Toxicity of selected symmetrical hexachlorobiphenyl isomers in the mouse

Abstract

Five-week-old male mice were given: 0.3, 1, 3, 10, 30, 100, or 300 ppm of 3,4,5,3′,4′,5′-hexachlorobiphenyl (HCB); 10, 30, 100 or 300 ppm of 2,4,5,2′,4′,5′-HCB, 2,3,6,2′,3′,6′-HCB, or 2,4,6,2′,4′,6′-HCB in feed daily for 28 days.

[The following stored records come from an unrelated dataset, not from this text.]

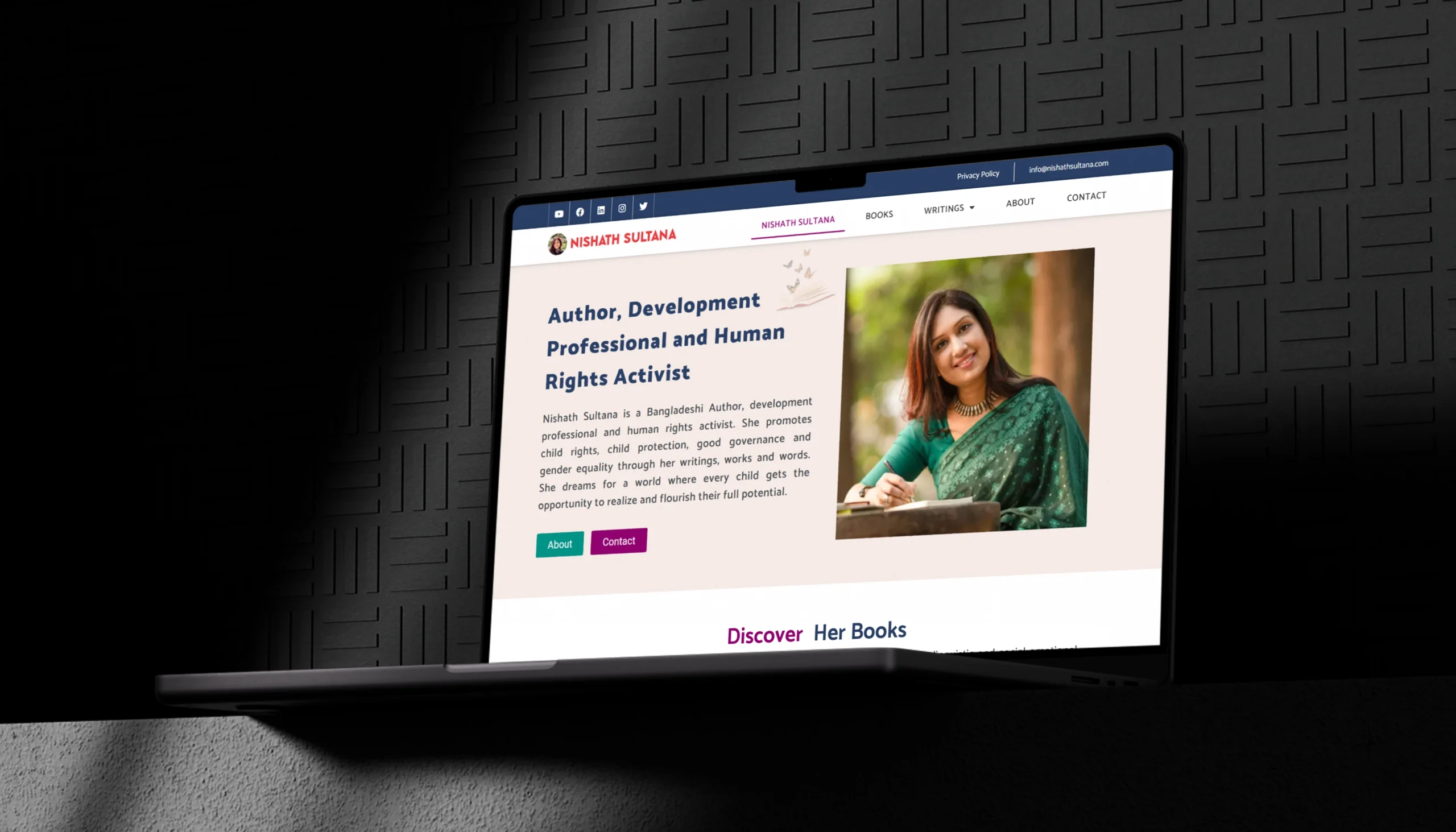 - Structured to support books, articles, press mentions and contact.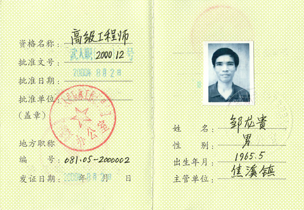 高級(jí)工程師證書(shū)
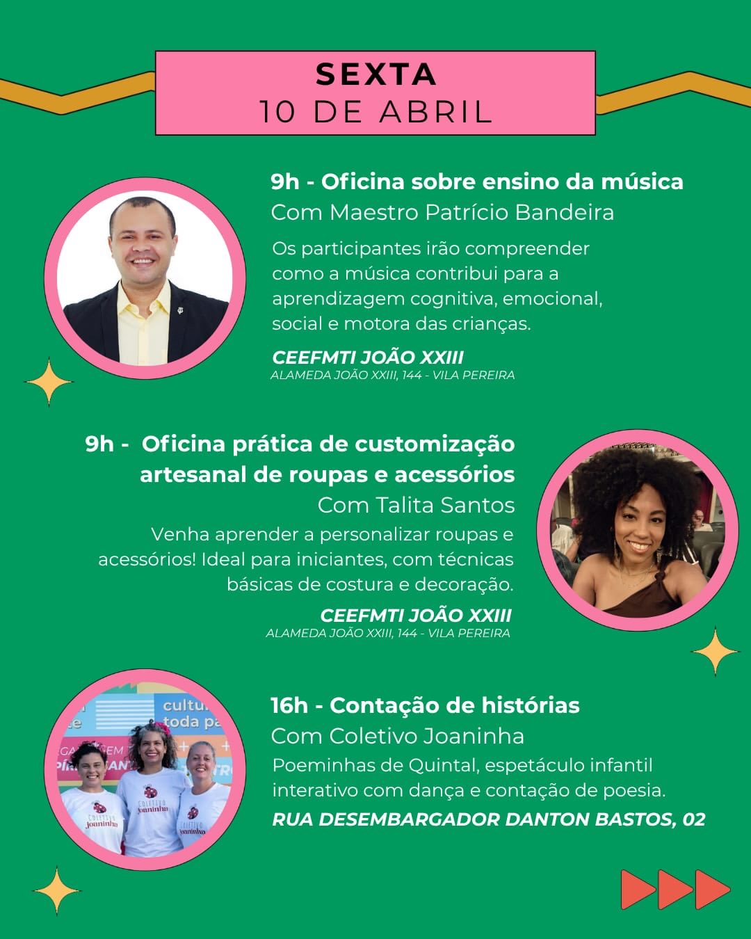 Na sexta-feira (10), a programação formativa segue no Centro Estadual de Ensino Fundamental e Médio em Tempo Integral João XXIII (CEEFMTI João XXIII), com duas oficinas simultâneas, às 9h. O maestro Patrício Bandeira ministra a oficina “Ensino da Música”, abordando a música como ferramenta no desenvolvimento cognitivo, emocional, social e motor, especialmente no aprendizado infantil. Já a instrutora Talita Santos conduz a oficina prática de customização artesanal de roupas e acessórios, com foco em técnicas básicas de costura, criatividade e geração de renda.

HCB residue levels were determined in adipose tissue and liver. There were marked differences in dose response and severity of pathologic effects among the isomers. 3,4,5,3′,4′,5′-HCB was the most toxic isomer causing mortality, and body and organ weight effects at all dose levels, and was the only isomer which produced excess porphyrin accumulation. It was also the most concentrated isomer in fat and liver. 3,4,5,3′,4′,5′-HCB caused subcutaneous edema, enlargement of liver with accentuated hepatic lobular markings, fatty infiltration, hepatocellular swelling and necrosis, and atrophy of the thymus. 2,4,6,2′,4′,6′-HCB and 2,4,5,2′,4′,5′-HCB caused the same lesions but to a lesser degree. Slight cardiomyopathy was observed with 2,4,6,2′,4′,6′-HCB. The decreasing order of overall toxicity was 3,4,5-HCB >> 2,4,6-HCB > 2,4,5-HCB > 2,3,6-HCB.